**Exercise brief**
Return all of the data exactly as written, without the pictures.
──────── Supplied entries
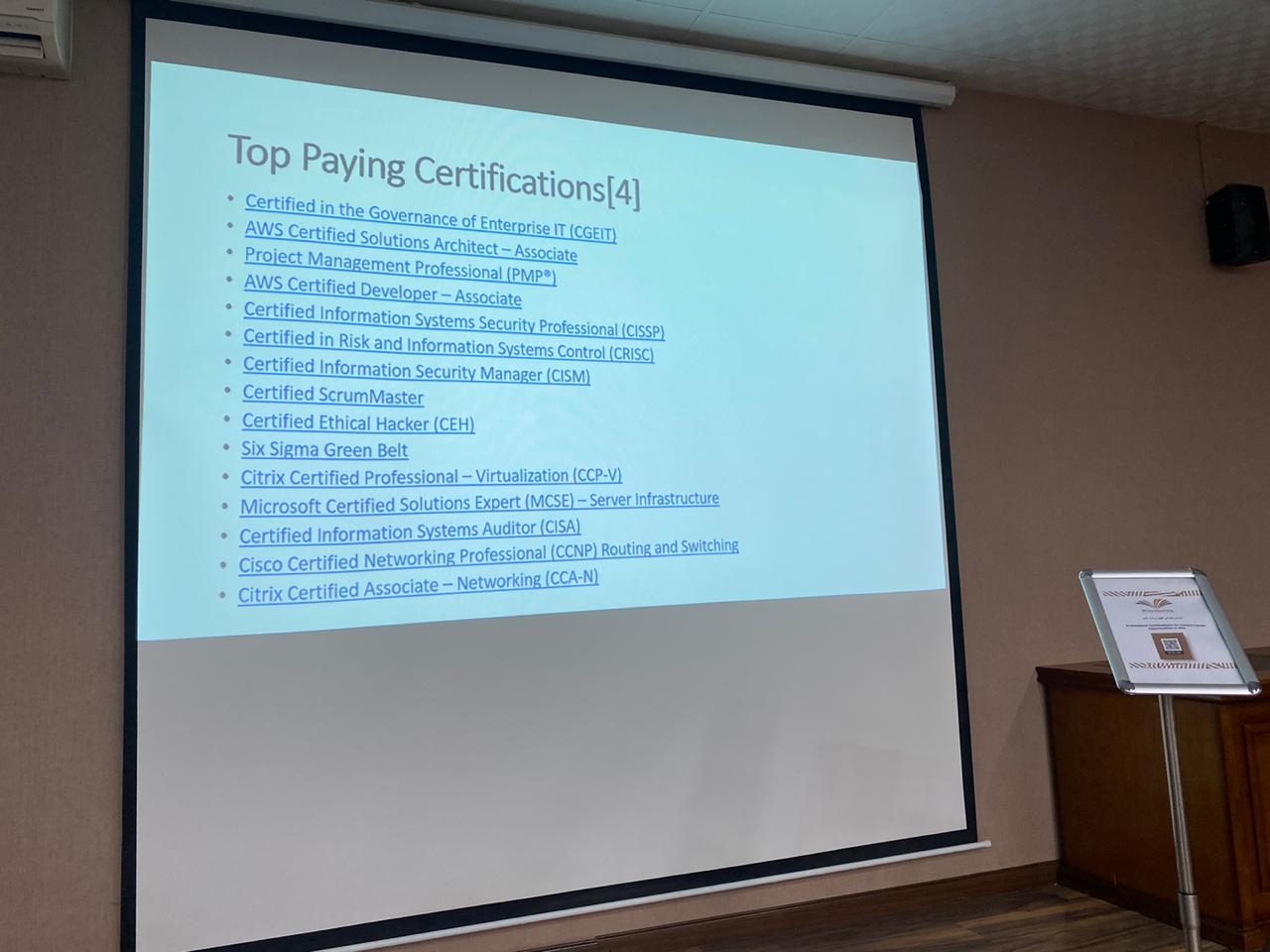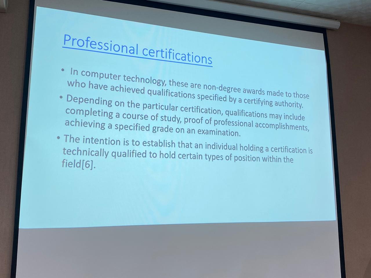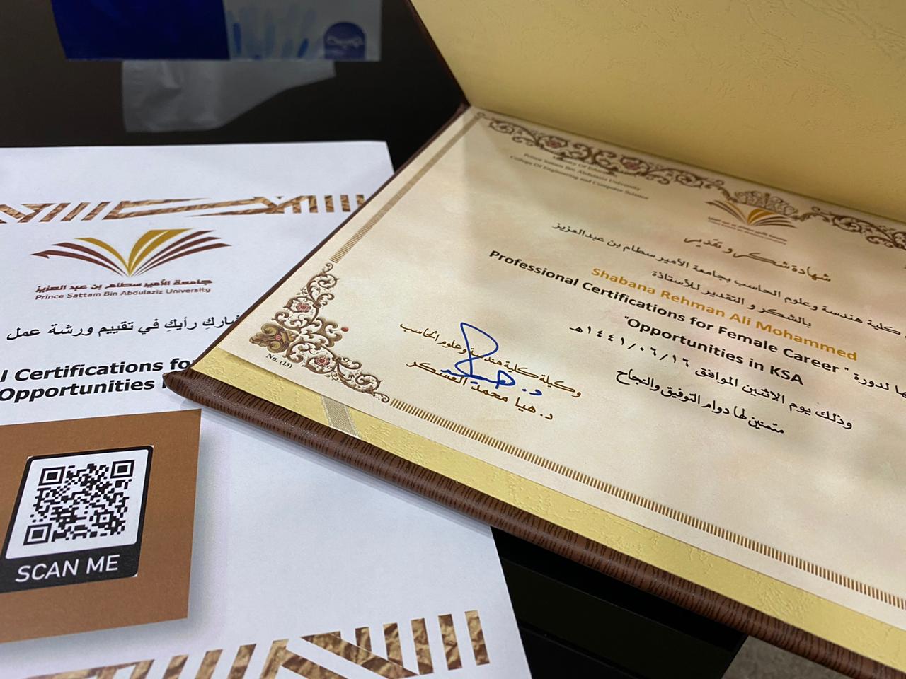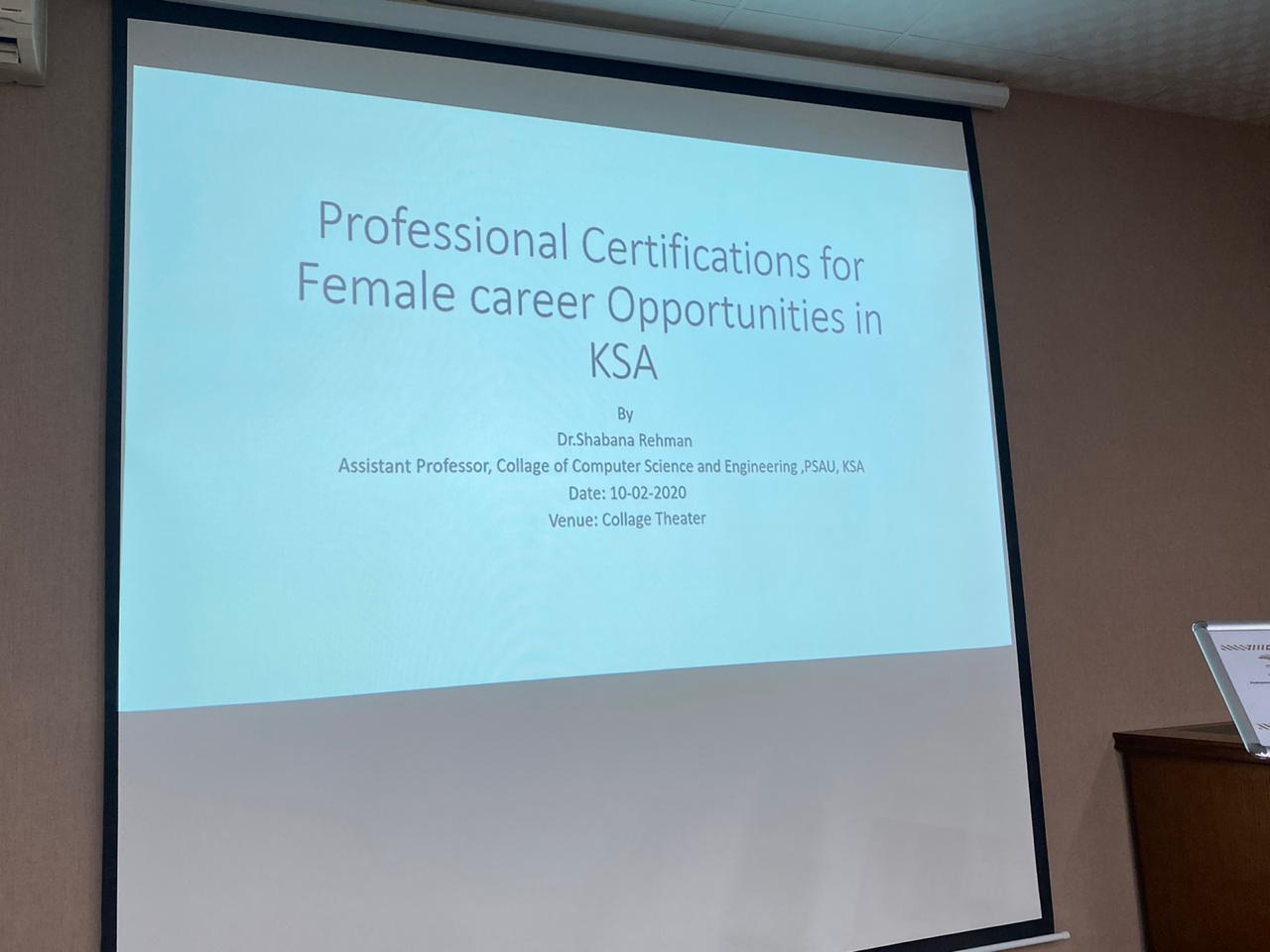نظمت وحدة الخريجات (التدريب المهني ) في كلية هنددسة و علوم الحاسب بالخرج يوم الأثنين الموافق 16-6-1441هـ ورشة عمل بعنوان ( professional certifications for female career opportunities in ksa ) قدمتها أ.شابانا زياد في مسرح الكلية الساعة 12م الى 1 م تستهدف الخريجات والمتوقع خروجهم لتزويدهم بمعلومات حول الفرص المهنية التي تساعدهم في معرفتهم له في المملكة العربية السعودية .
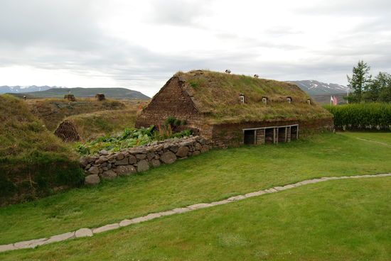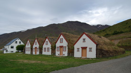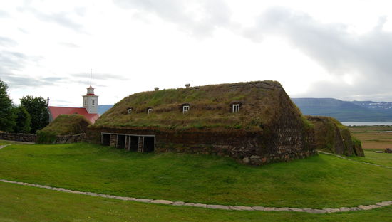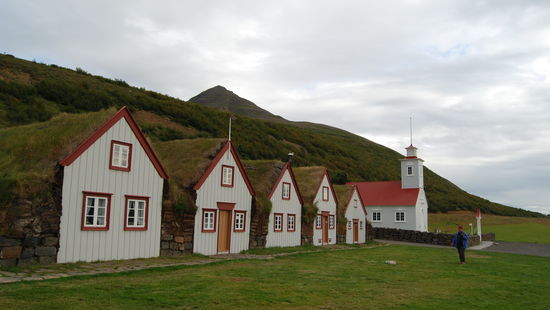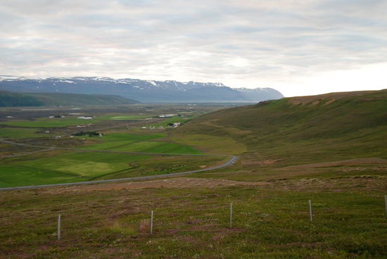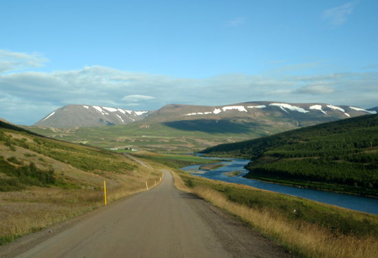 Wir suchten uns in der Stadt einen Parkplatz und gingen erst einmal essen und anschließend einige Mitbringsel einkaufen. Unser nächstes Ziel war der Torfhof Laufás. Er sollte nach unserem Buch eigentlich bis 18 Uhr geöffnet sein, war aber schon geschlossen. Die Öffnungszeiten waren inzwischen geändert worden. So sahen wir uns diese sehr gut erhaltenen Gebäude nur von außen an. Weiter ging es über die 835 durch Dalsmynni. Es war ein geradezu lieblich grünes Tal. Vor der Mündung in den Fjord hatte der Fluß eine tiefe Schlucht eingeschnitten, im oberen Lauf war er recht breit mit vielen Sand- bzw. Schotterbänken. Hier wurde sehr viel aufgeforstet. Alle Hänge waren nun bewaldet. Dann kamen wir auf die N1. Sie war welliger als der Grusweg vorher, der sich auch mit Wohnwagen sehr gut fahren ließ. Wir verließen die 1 wieder und fuhren auf die 85. Kurz darauf standen ein roter Lastwagen und eine Feuerwehr an der Straße. Hier befindet sich ein weiteres Automuseum, das wir uns noch ansahen. Ähnlich wie bei dem vorher beschriebenen waren alle Fahrzeuge liebevoll restauriert. Weiter ging die Fahrt ein Stück auf der 845 und später auf der 853. Eine sehr steile, aber inzwischen befestigte Straße führte dann über den Berg auf die 87. In Richtung Húsavík erreichten wir bald beim Bad Heiðarbær den Campingplatz, wo wir übernachten wollten.
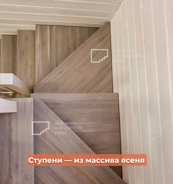 Ступени — выполнены из массива ясеня, цвет — светло-серый, с сохранением текстуры дерева. Ясень отличается прочностью, устойчив к износу и отлично подходит для лестниц в частных домах
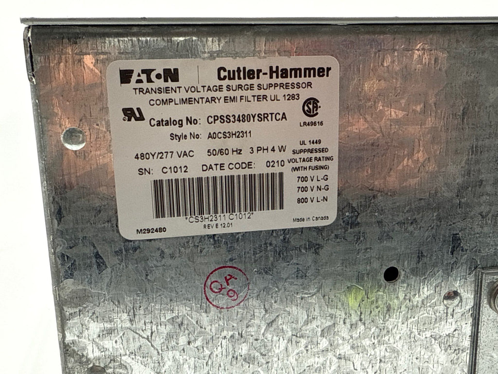 Eaton Cutler Hammer CPSS3480YSRTCA Transient Voltage Surge Suppressor 480/277V 3PH 4W 50/60Hz
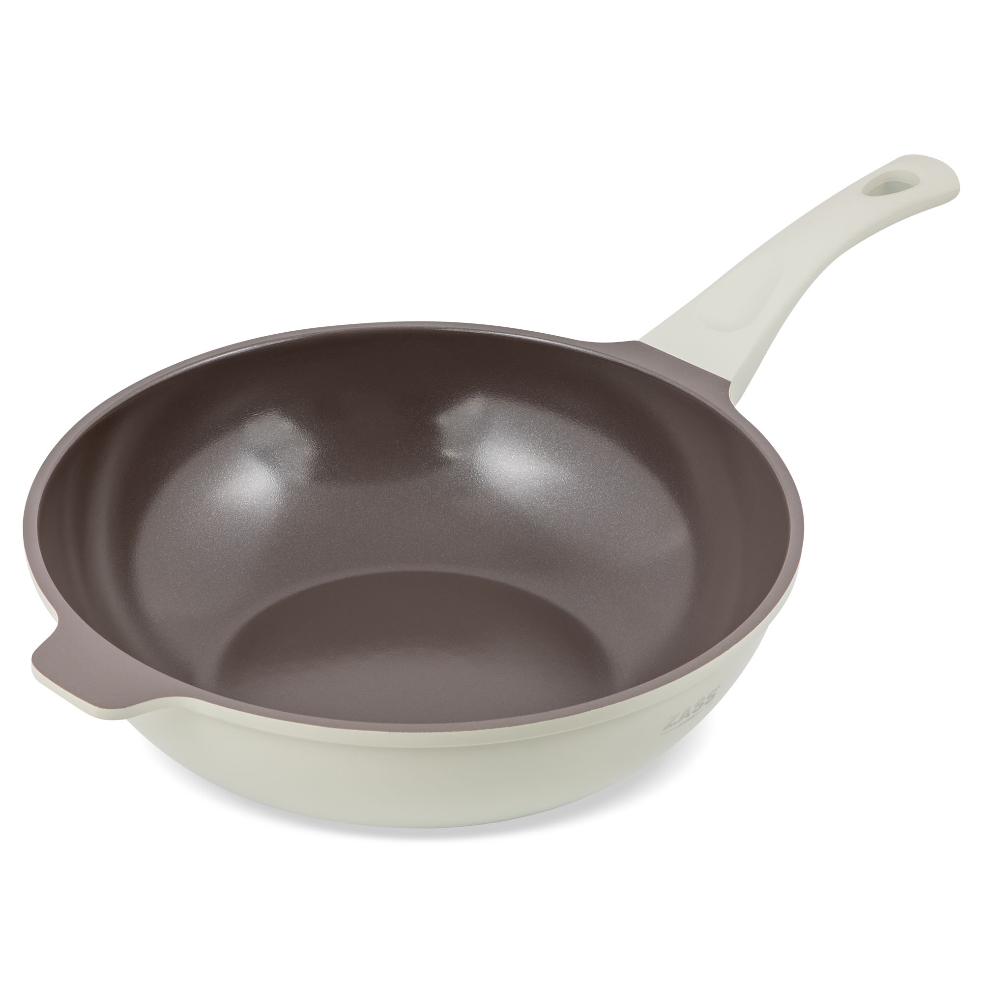Gătește mai ușor și mai plăcut cu această tigaie wok 30 cm din aluminiu turnat sub presiune, concepută pentru preparate rapide, uniforme și gustoase. Datorită acoperirii ceramice antiaderente, ingredientele se lipesc mai greu, iar curățarea devine mult mai simplă. Capacul din sticlă termorezistentă ajută la păstrarea temperaturii și a aromelor, fiind ideal pentru legume, carne, paste sau rețete asiatice.
────────────────
**Response to the task**
نظمت وحدة الخريجات (التدريب المهني ) في كلية هنددسة و علوم الحاسب بالخرج يوم الأثنين الموافق 16-6-1441هـ ورشة عمل بعنوان ( professional certifications for female career opportunities in ksa ) قدمتها أ.شابانا زياد في مسرح الكلية الساعة 12م الى 1 م تستهدف الخريجات والمتوقع خروجهم لتزويدهم بمعلومات حول الفرص المهنية التي تساعدهم في معرفتهم له في المملكة العربية السعودية .
 Wir suchten uns in der Stadt einen Parkplatz und gingen erst einmal essen und anschließend einige Mitbringsel einkaufen. Unser nächstes Ziel war der Torfhof Laufás. Er sollte nach unserem Buch eigentlich bis 18 Uhr geöffnet sein, war aber schon geschlossen. Die Öffnungszeiten waren inzwischen geändert worden. So sahen wir uns diese sehr gut erhaltenen Gebäude nur von außen an. Weiter ging es über die 835 durch Dalsmynni. Es war ein geradezu lieblich grünes Tal. Vor der Mündung in den Fjord hatte der Fluß eine tiefe Schlucht eingeschnitten, im oberen Lauf war er recht breit mit vielen Sand- bzw. Schotterbänken. Hier wurde sehr viel aufgeforstet. Alle Hänge waren nun bewaldet. Dann kamen wir auf die N1. Sie war welliger als der Grusweg vorher, der sich auch mit Wohnwagen sehr gut fahren ließ. Wir verließen die 1 wieder und fuhren auf die 85. Kurz darauf standen ein roter Lastwagen und eine Feuerwehr an der Straße. Hier befindet sich ein weiteres Automuseum, das wir uns noch ansahen. Ähnlich wie bei dem vorher beschriebenen waren alle Fahrzeuge liebevoll restauriert. Weiter ging die Fahrt ein Stück auf der 845 und später auf der 853. Eine sehr steile, aber inzwischen befestigte Straße führte dann über den Berg auf die 87. In Richtung Húsavík erreichten wir bald beim Bad Heiðarbær den Campingplatz, wo wir übernachten wollten.
 Ступени — выполнены из массива ясеня, цвет — светло-серый, с сохранением текстуры дерева. Ясень отличается прочностью, устойчив к износу и отлично подходит для лестниц в частных домах
 Eaton Cutler Hammer CPSS3480YSRTCA Transient Voltage Surge Suppressor 480/277V 3PH 4W 50/60Hz
Gătește mai ușor și mai plăcut cu această tigaie wok 30 cm din aluminiu turnat sub presiune, concepută pentru preparate rapide, uniforme și gustoase. Datorită acoperirii ceramice antiaderente, ingredientele se lipesc mai greu, iar curățarea devine mult mai simplă. Capacul din sticlă termorezistentă ajută la păstrarea temperaturii și a aromelor, fiind ideal pentru legume, carne, paste sau rețete asiatice.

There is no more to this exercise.